I don’t measure when I make chili.
Never have, never will.
I come from a long line of no-measure chili cooks. Well, I guess it wasn’t a long line, mainly just my dad and my grandmother, but it was a line. So to be technical, let’s say that I come from a not too short but not too long line of no-measure chili cooks.
My dad’s recipe for chili used measurement words, such as “some” and “a few” and “one or two,” but you can get away with that when you’re making chili.
That’s because chili is always open to interpretation. Making chili is the cooking world’s version of jazz. You can do whatever you want when you make chili as long as, at some point, you somehow end up with chili.
When it comes to making chili, there really aren’t any rules — unless you’re involved in some sort of official chili competition, which to me takes the fun out of making chili.
When I make chili, I’ll use one onion unless I feel like using two. I try to pair my ratio of onion to my ratio of green pepper. Once I have my onion to green pepper ratios worked out, I proceed to my jalapenos, tomatoes and spices.
Of course, all of this is predicated on the amount of meat I use. The technical term for the amount I use for my chili is “a lot.”
When my dad was a kid eating my grandmother’s chili during the Great Depression, the technical term for the amount of meat she used was “not much.” The technical term “a lot” was saved for the use of beans in my grandmother’s chili.
Thankfully, we aren’t living in the Great Depression — at least not yet — so I don’t put beans in my chili.
When I was younger, I not only put jalapenos in my chili but I also poured jalapeno juice into the mix. I don’t do that anymore because … well, because I got married and when you get married you stop doing things like pouring jalapeno juice in chili. You also stop smoking cigars in the house.
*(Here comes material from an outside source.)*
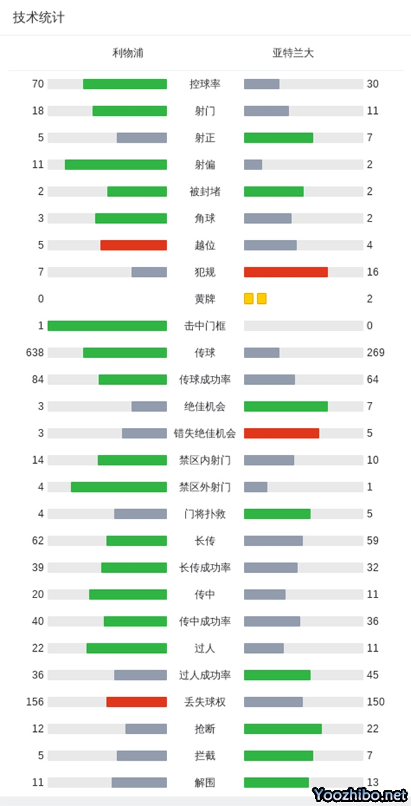 利物浦0-3惨负亚特兰大 努涅斯失单刀凯莱赫屡救险

Marriage changes a person is what I’m saying.
I started thinking about chili because, as I’m writing this, it’s sort of cold and rainy outside. It’s your basic dreary fall afternoon. Dreary fall afternoons are perfect for chili. Actually, just about any time is perfect for chili, but dreary fall afternoons are really perfect.
The other reason I started thinking about chili is because Thursday will offer the Holy Grail of sorts for area chili fans.
Well, the chili won’t be served in a Holy Grail, I’m thinking that would be sort of sacrilegious. Thursday is the successful end of a chili lovers quest in the form of two separate chili meals being served up in two separate communities.
In Joplin, folks will be serving up great chili and great vegetable soup at the Joplin Association for the Blind and Low Vision Center located at the corner of Fourth Street and Schifferdecker Avenue. Lunch will be served from 11 a.m. to 2 p.m. and dinner from 4 p.m. to 7 p.m.
The cost for the meal, which includes dessert and a drink, is $7 for adults and $3 for children. As it has for the past several years, the culinary department at Franklin Technical Center will help a host of volunteers prepare the meal. Carryout meals are available by calling 417-623-5721 or by fax at 417-623-1968.
In Carthage, the folks at St. Ann’s Catholic Church, 1156 Grand Ave., will be serving up chili and vegetable soup from 11 a.m. to 1:30 p.m. and again from 5 p.m. to 7 p.m.
The cost is $6.50 for adults and $3.50 for children 12 and younger. Along with chili or soup, coffee or tea and pie will be served. Carryout orders may be placed by calling 417-358-4902.